Robbins published a video on YouTube of being told of his HIV diagnosis in January 2012, after revealing his HIV status on Facebook. Robbins also hosts the weekly digital series, HIV Video Minute with Josh Robbins, and created the "Ask HIV" iPhone app.

In 2018, Robbins was named the national spokesperson for DatingPositives.

=== Social media ===
Robbins uses digital and social media to advocate for HIV education to reduce stigma and discrimination against people with HIV/AIDS. In 2014, Robbins introduced the "HIV Video Minute with Josh Robbins" digital video series, licensed to HIV+ magazine.

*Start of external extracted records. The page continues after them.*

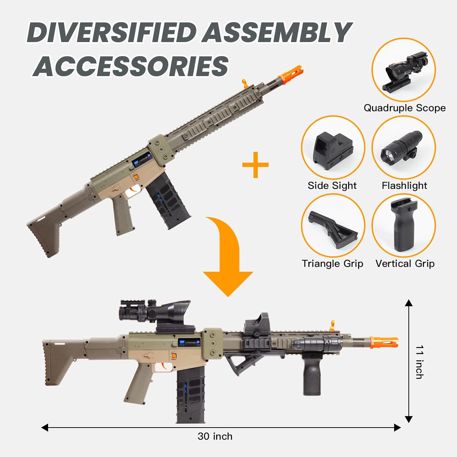 • Customizable Design: Realistic 30-inch rifle assembly with adjustable sights and ergonomic foregrips for precision handling.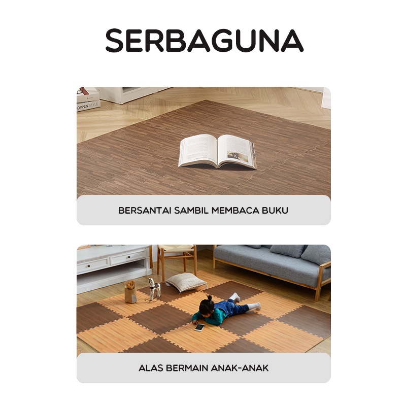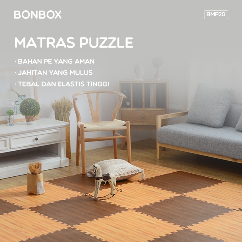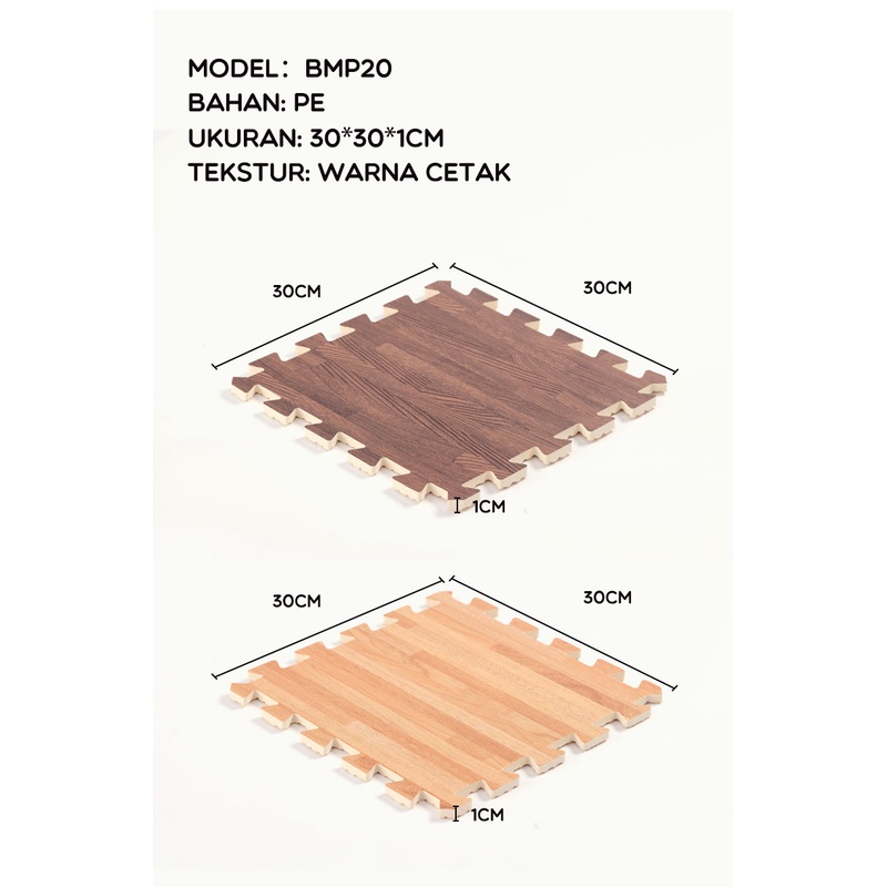 BONBOX 30x30CM Matras Puzzle Lantai Printed Motif Kayu Bahan PE ISI 9 Grain Pattern Mosaic Floor Mat BMP20 BMP10 BMP30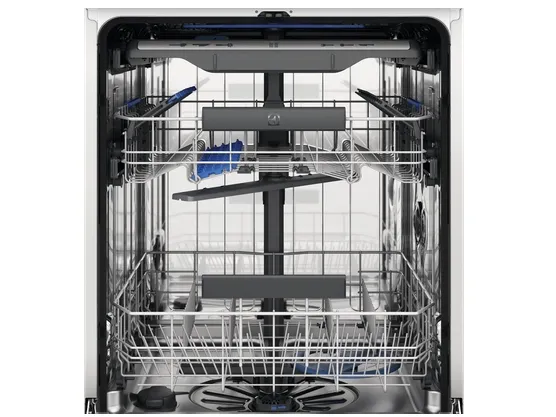 Electrolux EEG68520W. Appliance placement: Fully built-in, Product size: Full size (60 cm), Cord length: 1.6 m. Number of place settings: 14 place settings, Noise emission class: B, Noise level: 42 dB. Energy efficiency class: B, Water consumption per cycle: 9.9 L, Energy consumption per 100 cycles: 64 kWh. Width: 596 mm, Depth: 560 mm, Height: 818 mm. Package width: 635 mm, Package depth: 680 mm, Package height: 870 mm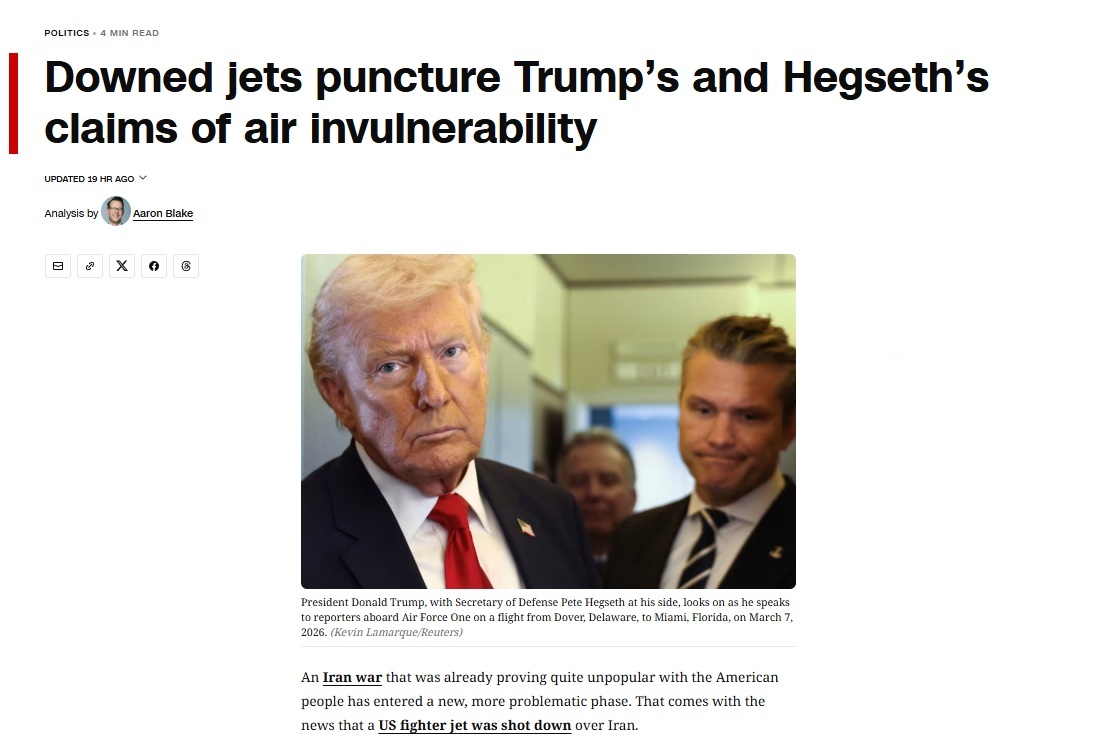伊朗在24小時(shí)內(nèi)先后擊落美軍一架戰(zhàn)斗機(jī)和一架攻擊機(jī),引起美國(guó)國(guó)內(nèi)震動(dòng)。文章認(rèn)為,這并不意味著伊朗的軍事實(shí)力突然能與美國(guó)平起平坐。然而,在這場(chǎng)以“軍事壓倒性優(yōu)勢(shì)”為美國(guó)主要籌碼的沖突中,此次事件凸顯了非對(duì)稱戰(zhàn)爭(zhēng)的風(fēng)險(xiǎn),而美國(guó)民眾早已不愿為此買單。同時(shí),這也戳穿了美國(guó)政府“完全掌控伊朗空域”的說(shuō)法,以及過(guò)去一個(gè)月來(lái)試圖營(yíng)造的“固若金湯”的假象。

=== Blogger and author ===
In 2012, Robbins launched his blog focusing on encouraging those living with HIV/AIDS, described as a combination of "fact-based reportage and highly personal social blogging — in a way that [is] both insightful and utterly engaging". In 2014, Robbins self-published: HIV Won't Kill Me: Encouragement eBook He also published Social Media Is Not Prison, So Unlock Yourself: Tips from a Social Media HIV Activist.

In 2014, Robbins created an iPhone application called Ask HIV, described by Product Hunt as an "HIV/AIDS hotline on your iPhone".

In 2018, Robbins received the National Lesbian and Gay Journalist Association "Excellence in Journalism" Award for blogging.

== Entrepreneur ==
Robbins is a veteran talent agent, owning and operating BNA Talent Group with niche divisions for actors, hosts and children and a division managing brands called The BRANDagement at BNA Talent Group. His clients have appeared in studio feature films and on television. He also works with companies interested in casting models and actors aimed at LGBT consumers. As a business professional, Robbins is vocal for LGBT issues in the workplace.

== Personal life ==
Robbins identifies as an out gay man and is open about his HIV-positive status. He supports HIV/AIDS organizations including Nashville CARES and the HIV Vaccine Trials Network. He was diagnosed with HIV during his participation in the HVTN 505 clinical trial though he explained that his infection was not a result of the vaccine. Robbins has a Bachelor of Science degree in journalism, advertising and marketing from Middle Tennessee State University and lives in Nashville, Tennessee.